Taking something out of context helps to distort it.
“I won’t do it any more” refers to training THAT person’s horses.
I think the problem with the argument is that it is a very emotional one.
We have a sort of indignant, ‘not a damned cart horse, not in my barn’ kind of thing, that has a very, very long tradition in the hunter world that we transplanted from england (white markings were identified with heavy horse breeding, so ‘four white legs and a white nose, take off his hide and throw it to the crows’ kinda thinking)…we have ‘but i love my darling beautiful horse, so he can do anything for me’, and we have ‘getting to GP’ (which most warmblood horses won’t ever be able to do physically to any standard, and sustain it, let alone draft horses*) and we have older horses with high mileage getting joint injections for wear and tear of a very long life of work and many miles, which is found in hunters, dressage, reining, and every other sport, being held up as proof of some sort of flaw in training, rather than what it is (miles, any kind of riding, just miles).
There’s also a very, very strong ‘I hate rich people and their warmbloods’ thing…EVERY person I talked to who had a draft or draft cross for sale in the several years I looked for a horse, said the same thing about expensive warmbloods, blind judges, rich snobs…it’s almost a class war thing, LOL. It made sense til the draft cross prices topped and then doubled the warmblood prices…LOL.
I disagree with the post that ‘draft horses can do collection and it doesn’t hurt them’.
Because…which collection are we talking about?
There is a BIG difference between 1st level ‘a little less sprawled out’, 2nd level ‘rudimentary collection’, and ‘GP, canter or trot on the spot, do pirouettes, collected flying changes, 15 in a row, and do it day after day’.
There’s a big difference between doing a couple soft piaffe steps to impress the neighbors, going to 1-2 local shows a year where ‘the one that wins is the one that stays in the ring’, or where there IS only one in that class, and doing a little soft piaffe and the rest more of a labored jog, and coming out week after week, doing it in a test, to a high degree of excellence, and winning GP at a big show.
Just about any horse can be taught to do a few soft steps of piaffe.

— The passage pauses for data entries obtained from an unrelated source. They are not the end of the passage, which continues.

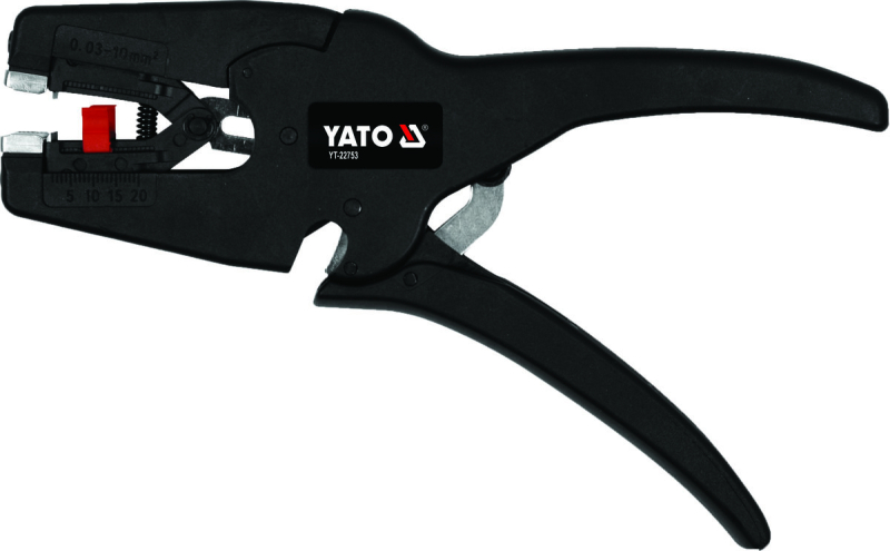 Знімач ізоляції автоматичний 195 мм 0,03-10 мм² YATO YT-22753 механізм для швидкої і автоматичної зачистки плоских і круглих кабелів від 0,5 мм2 до 10,0 мм2 кінці робочих губок з загартованої сталі SK5 можливість установки довжини ізоляції, що зачищається від проводу можливість обрізки кабелю
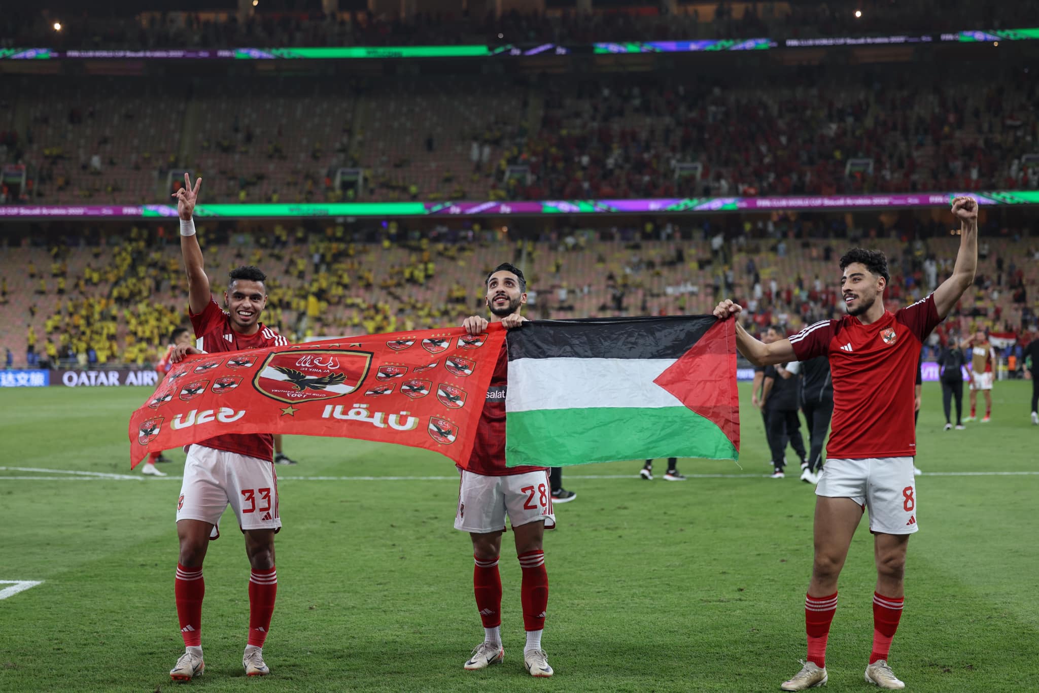 وجه لاعبو النادي الاهلي وجماهيره، رسالة دعم ومساندة إلى فلسطين، عقب مباراتهم ضد الاتحاد السعودي في الدور ربع النهائي من كأس العالم للأندية
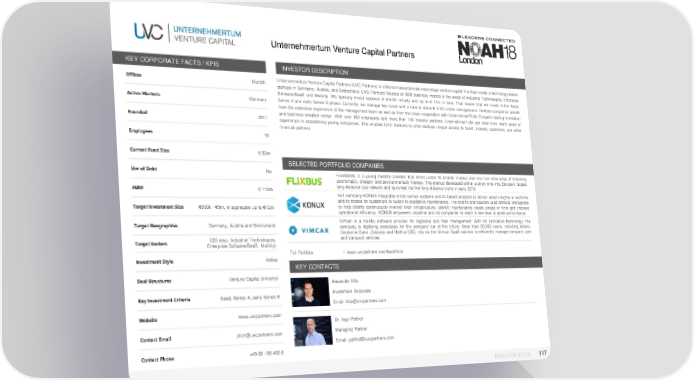 Unternehmertum Venture Capital Partners KEY CORPORATE FACTS / KPIS INVESTOR DESCRIPTION Offices Munich UnternehmertumVenture Capital Partners (UVC Partners) is a Munich-based private early-stage venture capital firm that invests in technology-based startups in Germany, Austria, and Switzerland. UVC Partners focuses on B2B business models in the areas of Industrial Technologies, Enterprise Software/SaaS and Mobility. We typically invest between € 0.5-3m initially and up to € 12m in total. That means that we invest in the Seed, Active Markets Germany Series A and early Series B phase. Currently, we manage two funds with a total of about € 110m under management. Portfolio companies benefit from the extensive experience of the management team as well as from the close cooperation with UnternehmerTUM, Europe's leading innovation Founded 2011 and business creation center. With over 180 employees and more than 100 industry partners, UnternehmerTUM can draw from many years of experience in establishing young companies. This enables UVC Partners to offer startups unique access to talent, industry customers, and other financial partners. Employees 10 Current Fund Size € 83m SELECTED PORTFOLIO COMPANIES Use of Debt No FlixMobility is a young mobility provider that offers under its brands FlixBus and FlixTrain new ways of travelling comfortably, cheaply and environmentally friendly. The startup developed within a short time into Europe’s largest AUM € 110m long-distance bus network and launched the first long-distance trains in early 2018. IIoT company KONUX integrates smart sensor systems and AI-based analytics todeliver asset insights in real time and to enable its customers to switch to predictive maintenance. The end-to-end solution uses artificial intelligence Target Investment Size €500k - €3m, in aggregate up to €12m to help clients continuously monitor their infrastructure, identify maintenance needs ahead of time and improve operational efficiency. KONUX empowers industrial and rail companies to reach a new level of asset performance. Target Geographies Germany, Austria and Switzerland Vimcar is a holistic software provider for logbooks and fleet management. With its innovative technology, the company is digitizing processes for the company car of the future. More than 30,000 users, including Allianz, Deutsche Bahn, Zalando and Hertha BSC, rely on the Vimcar SaaS solution to efficiently manage company cars Target Sectors B2B (esp. Industrial Technologies, and transport vehicles. Enterprise Software/SaaS, Mobility) Full Portfolio • www.uvcpartners.com/#portfolio Investment Style Active KEY CONTACTS Deal Structures Venture Capital (minority) Alexander Kiltz Photo Investment Associate Key Investment Criteria Seed, Series A, early Series B Email: kiltz@uvcpartners.com Website www.uvcpartners.com Dr. Ingo Potthof Contact Email pitch@uvcpartners.com Photo Managing Partner Email: potthof@uvcpartners.com Contact Phone +49 89 189 469 0 INVESTOR BOOK 117

Passage, pirouette, those are a little bit different matter…so is doing them day after day. If a really heavy horse is pushed hard, it’s just like a really heavy person running a track event. There’s more weight to move across the ground. It’s simple physics.
There’s a big difference between getting to GP and staying there, too.
*Look around you. How many horses of ANY breed or type go to GP, and compete at it successfully, and stay there.